Charcoal-SE / SmokeDetector

Headless chatbot that detects spam and posts links to it in chatrooms for quick deletion.
https://metasmoke.erwaysoftware.com
Apache License 2.0
467 stars 181 forks source link

findspam.py: refactor and unify link extraction (and perhaps overall post handling) #2500

Open tripleee opened 5 years ago

tripleee commented 5 years ago

There are multiple overlapping and sometimes conflicting attempts to enumerate all the links in a post in findspam.py. See below for a sampling.

We should unify these, and ideally reduce the number of times we iterate over the message text looking for more or less the same information.

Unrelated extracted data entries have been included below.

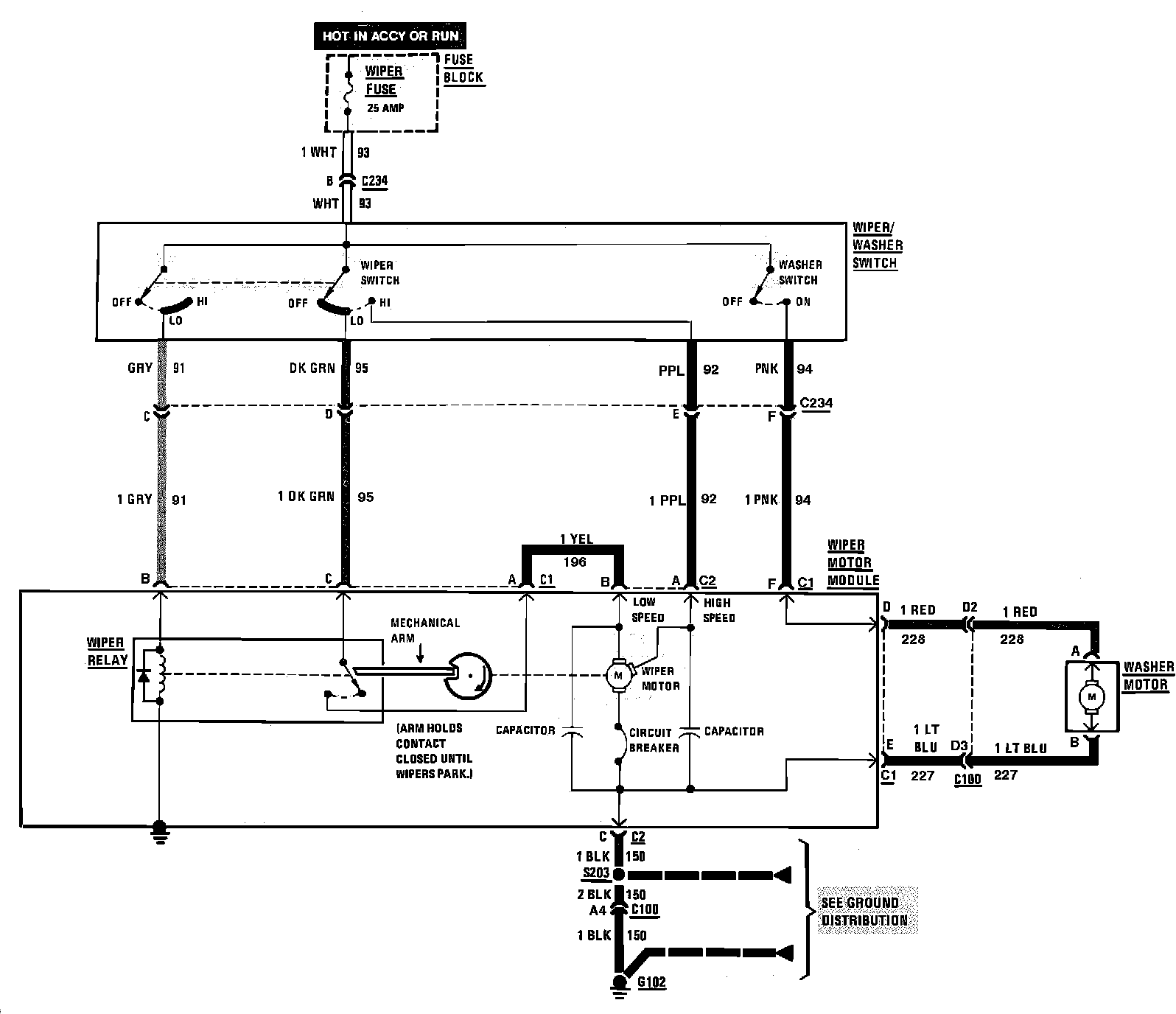 Wiper/Washer System Wiring Circuit (Less Pulse):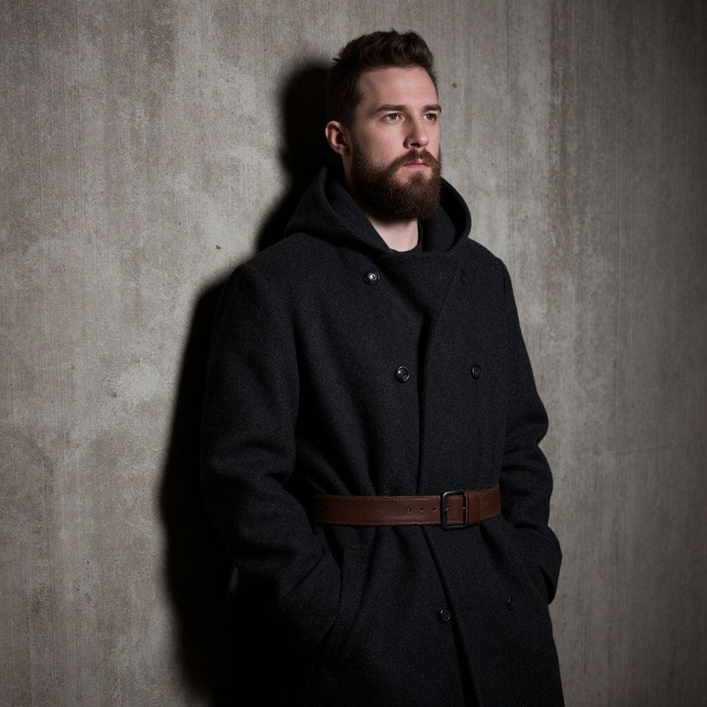 Photograph of a bearded man with short brown hair, standing against a textured, worn concrete wall. He's wearing a dark, woolen hooded coat with a brown belt. The lighting casts a strong shadow of his face on the wall, creating a moody, dramatic effect. He looks slightly to the side with a serious expression. The background is dimly lit, emphasizing the contrast with his coat.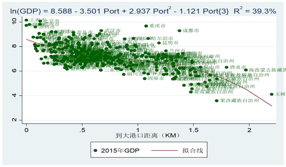 我的数据分析显示,仅“到沿海大港口的距离”这一个变量,就可以解释城市之间GDP总量差异的接近40%,即越远离沿海大港口的城市GDP的总量就越小。再看中国的GDP和人口空间分布。把中国的城市按照GDP规模从高到低排序,到所有城市占中国GDP的50%时结束,能发现中国的GDP集中分布在沿海地区和内地的省会城市,这是由于现代经济发展带来的空间集聚。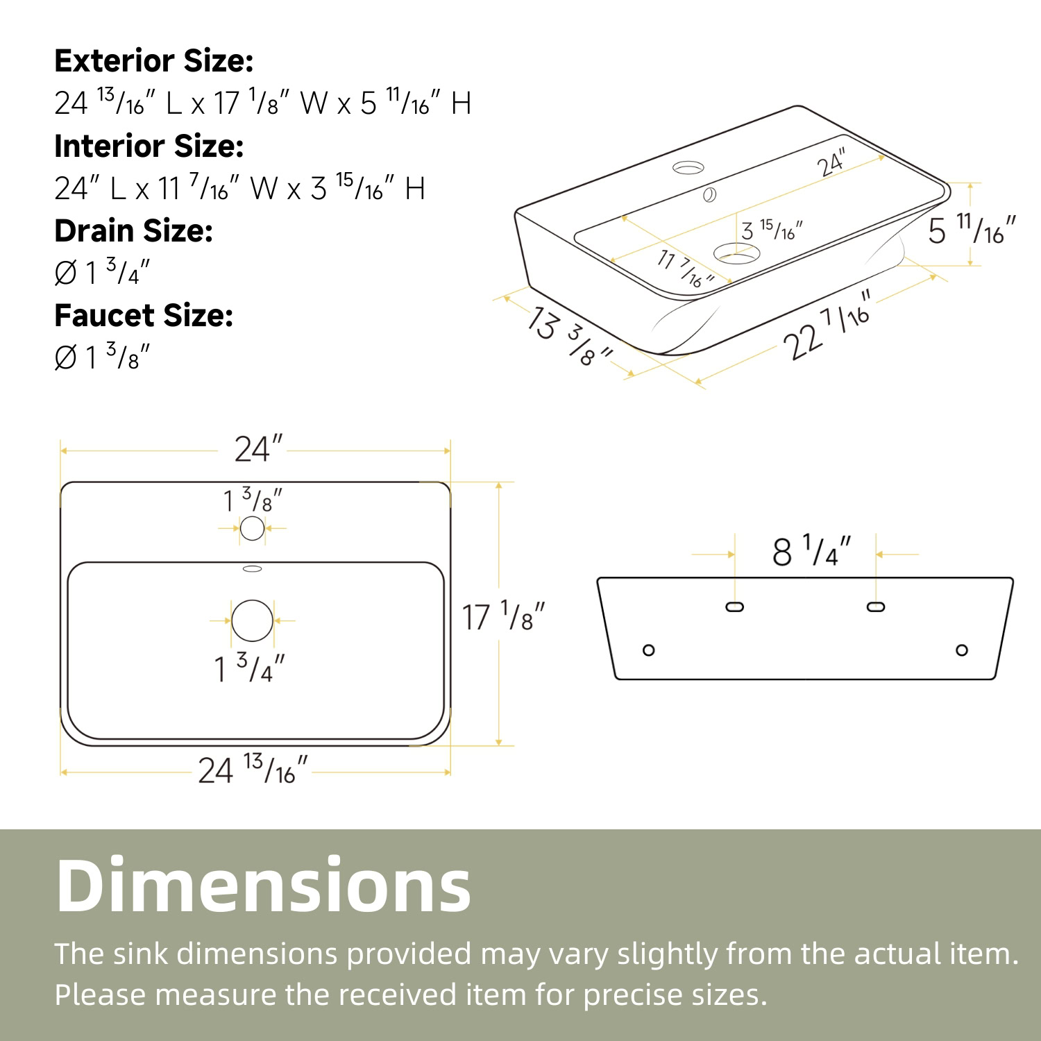 Los Flexi Rectangular Wall Mount Bathroom Sink With Single Faucet Hole 24″L X 17″W

An object-oriented approach to the entire problem would seem like a natural but somewhat involved solution. Instead of scanning the raw text of the post over and over, use the _Post object we already have to store the links once, and then just use the object's methods to retrieve the links you want.

This should also make it easier to keep information about a post's features between different methods in findspam.py which look for distinct but related features in a post.

Just to give you an idea of the scope of the problem, here are a few of the methods which attempt to analyze links.

stale[bot] commented 4 years ago

This issue has been closed because it has had no recent activity. If this is still important, please add another comment and find someone with write permissions to reopen the issue. Thank you for your contributions.